The stock market in February gave at least some hope to the bulls who believe that the January 22 low will be the final bottom of the correction that began last October. The Dow Jones Industrial Average, at one point, rose to a level that was a thousand points higher than where it closed on January 22, in fact.

The bears, however, received some fresh ammunition of their own during February, courtesy of a report released by the New York Stock Exchange in January on margin debt of its member firms -- the total amount that the customers of those firms have borrowed to purchase securities. The January total is some 14 percent lower than the comparable number from last July, when margin debt hit a record high.

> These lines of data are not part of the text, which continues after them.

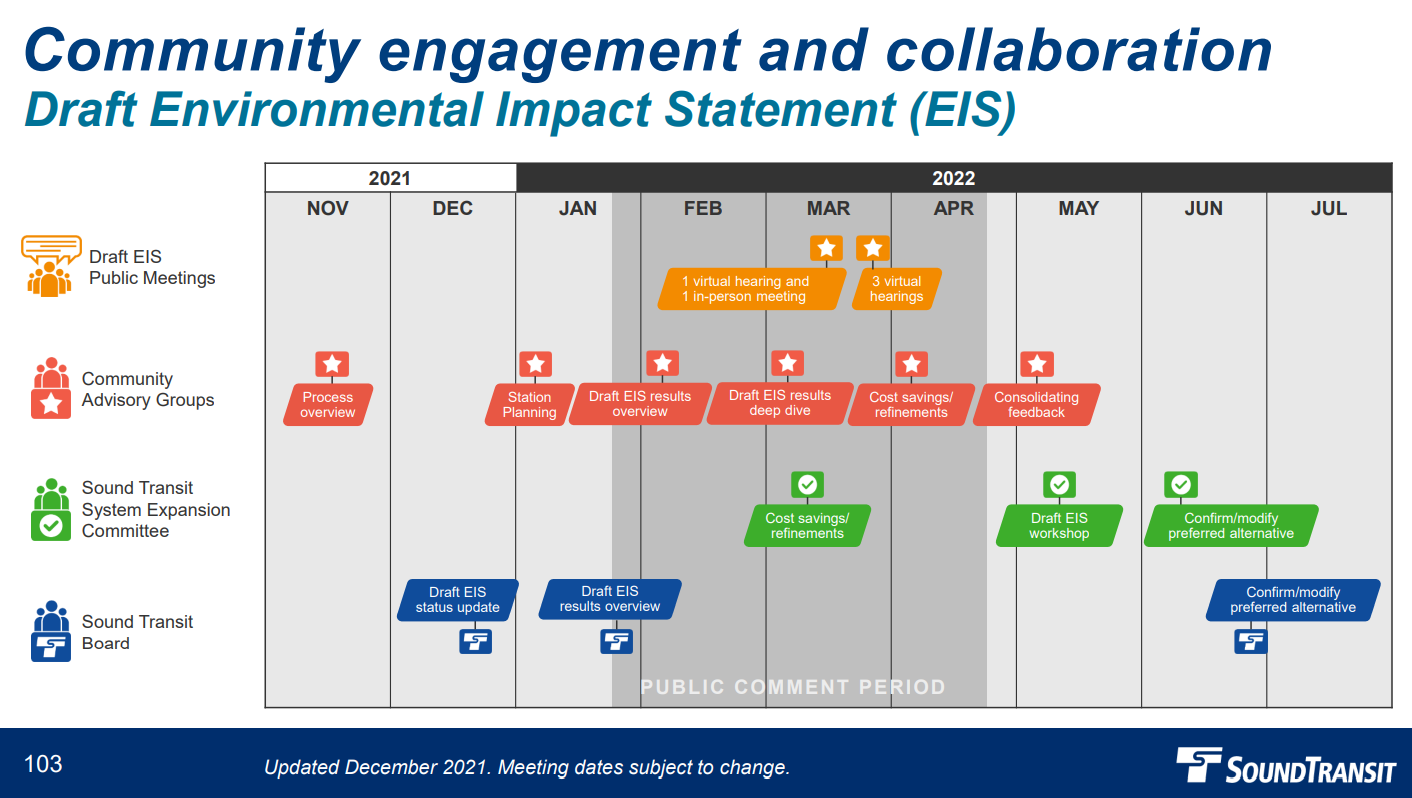Unfortunately, super deep stations and awkward elevated alignments that require expensive land takings could be a recipe for further cost increases and engineering delays. It’s not too late, however, to correct course and fine tune the plan, as Sound Transit opens a round of public comment and engagement with the release of the DEIS.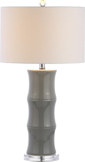 This eye-catching gray ceramic table lamp takes its inspiration from the beauty of natural . The resulting look is a perfect balance between Asian and modern styles, with a preppy flair. Nickel accents, a crystal base and a white cotton drum shade keep the look contemporary and fresh.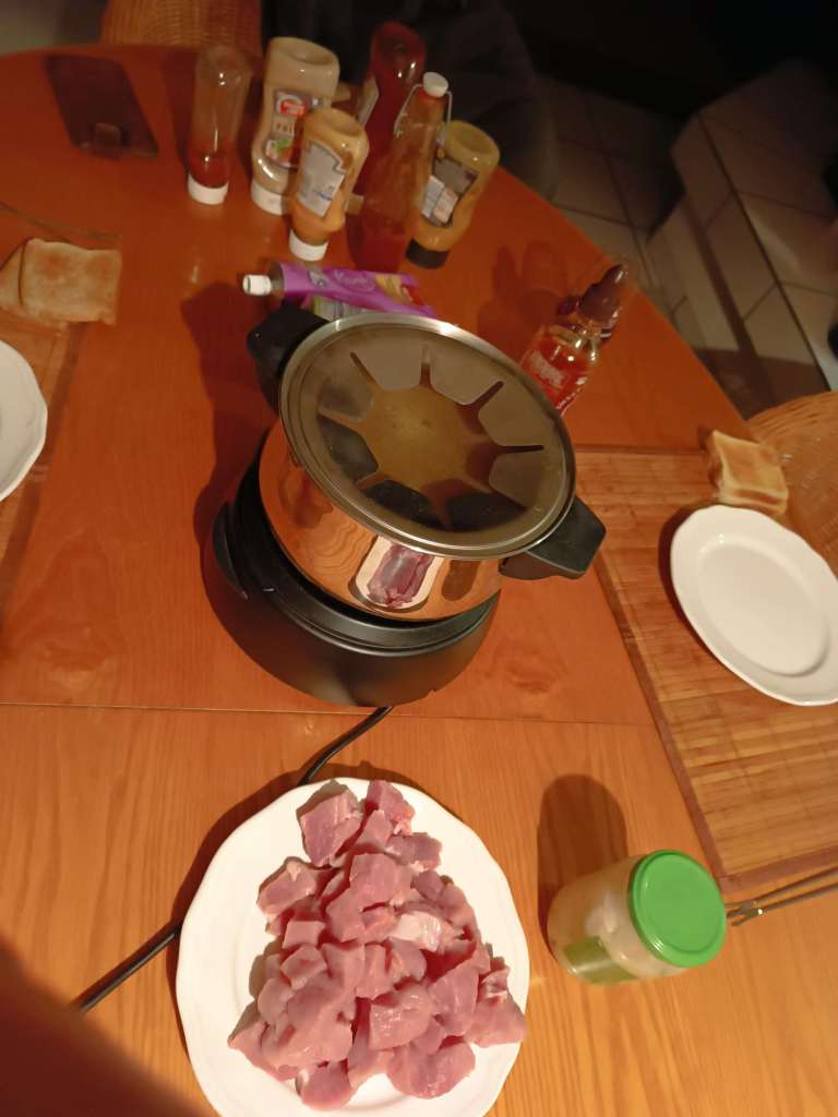 Im Supermarkt gab es Schweinsbäggli im Angebot. Habe ich gekauft, weil ich dachte, das wäre das Schweizer Wort für Schweinsbäckchen. War es dann nicht 😢. Lt. Internet geht Fondue (oder Geschnetzeltes) – gab es also Fondue. Gehen gleich mal die Grillsaucen weg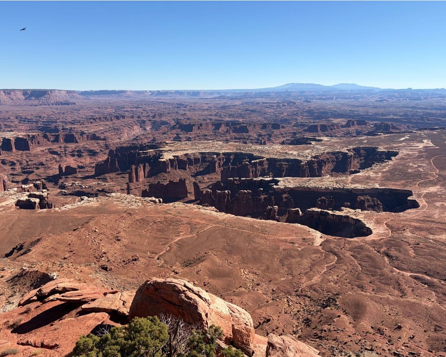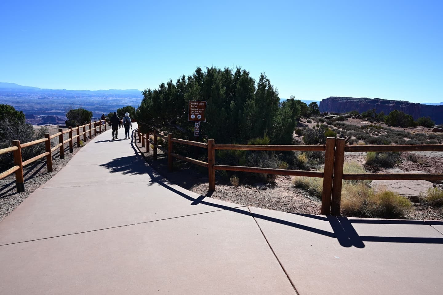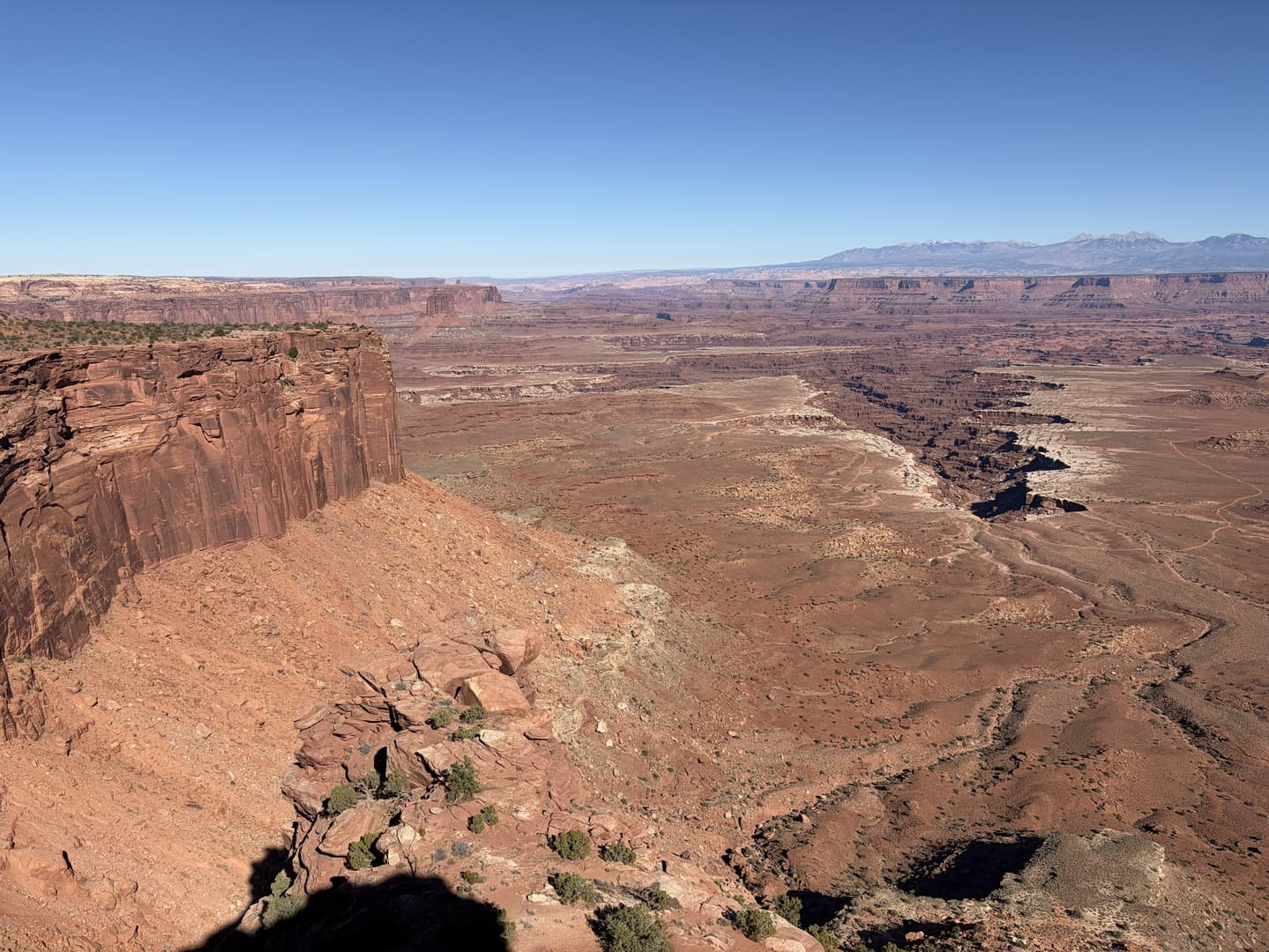 - キャニオランズの広さを一番実感できる展望台です。ビジターセンターからは少し遠いのですが、ここまで来ると「来てよかった」と思える景色が広がります。

This is bearish, according to any number of analysts, because it supposedly is a reliable indicator of a major bear market whenever margin debt is trending downward for more than a month or two.

In fact, this supposition is so widely accepted among many intelligent analysts that I almost didn’t bother to confirm whether it has strong support in the historical data.

I’m glad I, nevertheless, decided to check it out.

Consider what I found upon feeding into my PC’s statistical software the monthly margin debt data provided by the NYSE, which dates back to 1959. Because the total value of all publicly traded stocks has gone up over the last five decades, I couldn’t focus on the raw amount of such debt. So, I had to focus on relative values of the NYSE data series.

I did this in two ways. First, I focused on margin debt as a percentage of the total market cap of all publicly traded stocks. I also looked to see how any given monthly reading compared to the 12-month moving average. I then compared these various relative values to how the stock market performed over the subsequent month, quarter, six months, and one- and two-year periods.

I didn’t find very much that was even marginally statistically significant. That is, from a statistical point of view, there was very little to distinguish between the stock market’s performances following periods of high margin levels and those with low levels, as measured by percentage of total market cap. Likewise, there was little to distinguish between the market’s average performance following periods when margin debt was above its 12-month moving average and when it was below.

One result that was particularly revealing came after I divided the sample into two halves. I found that the stock market’s performance following high and low margin levels was just the reverse in the first half of the sample period than in the second.

Why would I find such a tenuous relationship between margin trends and the stock market? I suspect that at least part of the answer is provided by what Norman Fosback wrote in the mid-1970s in his classic investment book, Stock Market Logic. Fosback, of course, has also been the editor over the years of a number of different investment newsletters, the most recent of which is Fosback’s Fund Forecaster.

Fosback, in effect, argued that margin traders possess two distinct traits that often counteract with each other. On the one hand, he writes, “Margin traders are always most extended at market tops when they should be less willing to carry large margin debt balances. Similarly, at important market troughs, when they would be heavily invested in common stocks, their margin account balances are invariably quite low.”

From this perspective, of course, lower levels of margin debt are not necessarily bearish.

But, on the other hand, according to Fosback, margin speculators also “exert a very profound impact on the course of market trends. When stock margin debt is rapidly expanding, margin speculators are aggressively buying on balance and stock prices work their way higher from the force of their activity. When stock margin debt decreases, representing net selling by margin speculators, stock prices are generally driven lower.”

From this alternate perspective, of course, margin debt’s recent downtrend is worrisome. No wonder my statistical tests failed to find strong statistical support for the notion that recent margin trends are bearish.

The bottom line? Declining margin debt does not appear to be the threat that many assume it to be.